Trump wasn’t satisfied. He called for further easing in an irritated tweet after the Fed made its move. And that wasn’t all he said.

The US president, apparently, knows a thing or two about how important forward guidance is when it comes to underwriting gains for risk assets.

Of course, if that’s the case, it leads one to question the relative wisdom of Trump’s decision to effectively fire Janet Yellen. After all, Janet was pretty adept with deploying forward guidance in the service of perpetuating low (indeed, non-existent) equity volatility.

A hard act to follow.

Big shoes to fill.

A heavy collar to pop.


 

12 thoughts on “Pop Your Collar, The Black Swan Is Here.

    1. D’you mean: could a big, systematically important institution be in trouble again?

      In Q4, we saw the repo market dry up during the last month or so of the quarter. And here we are, mere days into March, with the same thing happening.

      Whatever the forcing function is, it seems to be periodic.

  1. Maybe if he starts cutting 50bps per week it’ll make people go to work sick and schools stay open and a vaccine be developed. I mean how low do rates need to be for us all to play 2/100 odds Russian Roulette? Maybe if you got to refi your house, student loans and credit cards at 0% interest? No…? Me neither.

  2. H-Man, once again the BlacK Swan is flapping her wings. And she is angry. She can’t understand how 1 million virus testing kits were promised on Monday translated to 47 being shipped on Monday.

    1. But that’s easy to understand. Kits were handled by clowns, which were supervised by monkeys. I assume CDC has plenty of both.
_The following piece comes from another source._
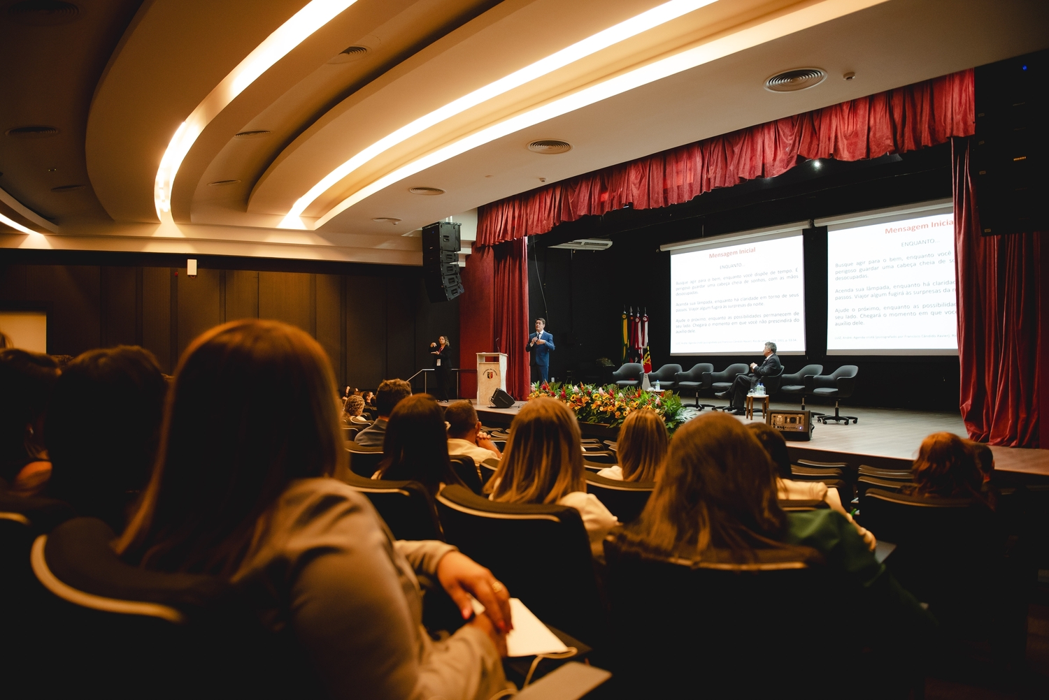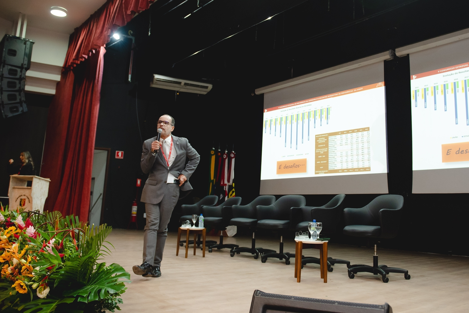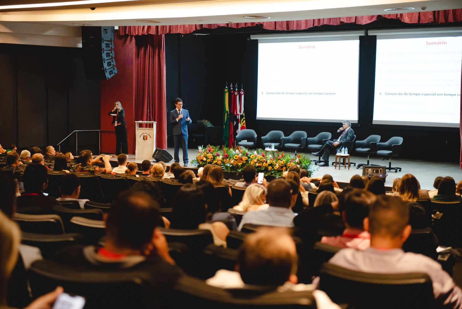 O ponto alto do dia foi o momento cívico de abertura, das 15h às 17h30, que contou com a presença de diversas autoridades. A mesa de abertura destacou a importância do congresso e reafirmou o compromisso com a melhoria dos regimes de previdência.

  3. I don’t see a recovery within decades. Thanks trump! Negative yields ahead equity crash and and at least 6 months of sustained downtrend.. pretty hard to dig out ever!
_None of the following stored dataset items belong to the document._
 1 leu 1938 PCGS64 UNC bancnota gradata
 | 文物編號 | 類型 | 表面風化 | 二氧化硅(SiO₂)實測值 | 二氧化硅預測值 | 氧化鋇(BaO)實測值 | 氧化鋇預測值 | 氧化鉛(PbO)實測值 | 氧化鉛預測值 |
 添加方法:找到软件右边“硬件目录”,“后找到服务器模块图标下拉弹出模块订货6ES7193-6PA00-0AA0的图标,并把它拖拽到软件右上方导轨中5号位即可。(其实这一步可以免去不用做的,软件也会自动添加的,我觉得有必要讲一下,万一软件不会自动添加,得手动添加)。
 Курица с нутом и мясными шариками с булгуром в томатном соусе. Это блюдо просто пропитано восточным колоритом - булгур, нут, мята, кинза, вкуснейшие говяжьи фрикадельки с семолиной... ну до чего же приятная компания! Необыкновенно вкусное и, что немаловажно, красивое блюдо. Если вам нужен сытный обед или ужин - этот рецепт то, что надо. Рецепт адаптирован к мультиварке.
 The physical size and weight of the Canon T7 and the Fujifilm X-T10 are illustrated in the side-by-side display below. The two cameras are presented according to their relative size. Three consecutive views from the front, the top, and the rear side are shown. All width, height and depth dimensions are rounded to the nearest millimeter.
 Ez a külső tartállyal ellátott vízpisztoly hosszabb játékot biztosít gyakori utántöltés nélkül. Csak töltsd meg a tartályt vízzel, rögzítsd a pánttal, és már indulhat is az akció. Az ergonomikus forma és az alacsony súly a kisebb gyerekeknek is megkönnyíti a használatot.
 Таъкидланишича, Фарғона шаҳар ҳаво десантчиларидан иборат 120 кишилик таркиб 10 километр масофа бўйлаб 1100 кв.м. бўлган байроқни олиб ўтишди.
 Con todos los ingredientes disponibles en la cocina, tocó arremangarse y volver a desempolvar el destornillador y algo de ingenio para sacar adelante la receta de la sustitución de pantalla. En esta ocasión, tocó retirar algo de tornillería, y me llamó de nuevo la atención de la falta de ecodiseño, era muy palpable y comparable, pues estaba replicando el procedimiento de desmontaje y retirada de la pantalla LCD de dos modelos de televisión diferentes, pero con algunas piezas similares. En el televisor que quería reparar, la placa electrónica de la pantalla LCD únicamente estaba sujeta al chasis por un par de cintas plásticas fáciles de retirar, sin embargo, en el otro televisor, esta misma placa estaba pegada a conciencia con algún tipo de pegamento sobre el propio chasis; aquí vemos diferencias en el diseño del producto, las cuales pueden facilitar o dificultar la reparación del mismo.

  4. That swan was obvious since January. And, of course, nobody did anything to prepare for pandemic.
    I’ll make short prognosis for 2020 in USA: 15 millions infected, >100000 dead, deep recession. This is not fearmongering, this is optimistic scenario

    1. This is totally ridiculous. Please do not leave these kinds of comments on Heisenberg Report. There is zero justification for your “prognosis” and this serves no purpose but to stoke fear. That is not welcome here.

      1. Yes, those numbers are ridiculous, ridiculously low. No flu season has ever produced infection numbers that low. Covid is twice as infectious and nearly 20 times as virulent as the seasonal flu, at present. Without a substantial change in the nature of this virus, these numbers will be far worse.
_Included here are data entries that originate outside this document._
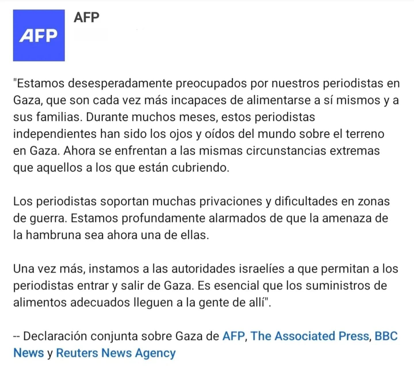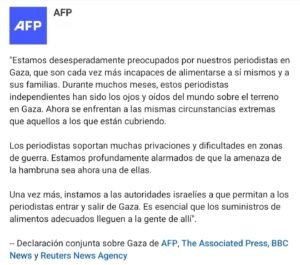 Las principales agencias de noticias del mundo —AFP, Associated Press, BBC y Reuters— emitieron un comunicado conjunto este jueves expresando su “profunda alarma” por la crítica situación humanitaria que atraviesan los periodistas que permanecen en la Franja de Gaza, y reclamaron la entrada inmediata de ayuda alimentaria.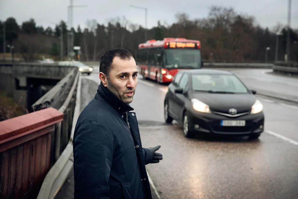 Det var på lördagskvällen den 27 januari som Reza körde ner i ett potthål på bron som leder Bromstensvägen över till länsväg 279 och Rissneleden. Han blev stående i mörkret med sin punktering.
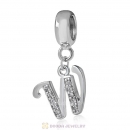 925 Sterling Silver Dangle Letter W Beads with CZ Stone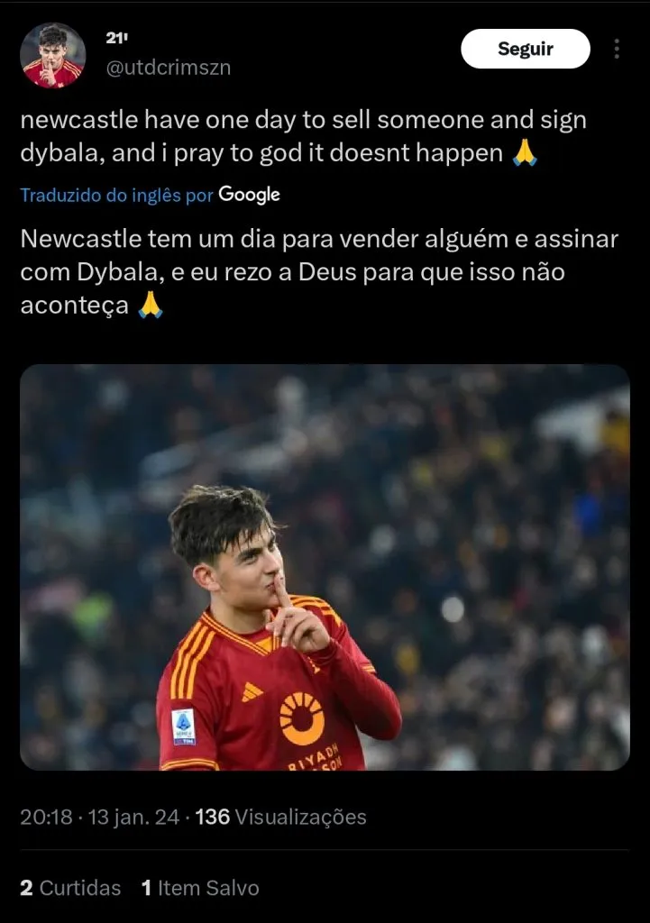 Para realizar a sua chegada, os Magpies pretendem pagar o valor da multa contratual de Paolo Dybala. No momento, a rescisão está em cerca de €11 milhões de euros.

        I’ve read you for a long time and I know you can crunch numbers. Take the R(0) and halve it. Take the CFR and halve that as well. The numbers that you get still suck.

        Here’s the thing, the numbers are bad but the percentages aren’t. I’m in the group where I have a better than 90% chance of getting passed this virus. This is to say that my stairs are more dangerous to me than the virus. Below my group most of it is simply a rounding error around zero, Yes, these numbers may be quite large eventually but population wise, they aren’t more than a blip,

        1. Michael: Read your comment and compare it to the comment I was responding to. Do you see why yours is a value-add while that person’s is not? That’s my only point. You’ve provided a balanced assessment that readers can benefit from. That other comment (even if it turns out to be true) was merely an ad hoc effort to throw out some fear. I want more comments like yours and less comments like his/hers. And my response has achieved that outcome.

  5. There were no great choices for Powell here, but we’ve all watched enough enjoyably silly TV shows to know that succumbing to extortion doesn’t generally end well. In giving into the market (and/or the president if you’re so inclined) Powell has simply invited more, and more extreme, concessions. If you’re looking for a silver lining, which isn’t easy in these times, it is perhaps that we can now foresee with a growing sense of confidence the end of this business/financial super-cycle. One only hopes that the associated collateral damage can be managed though political means.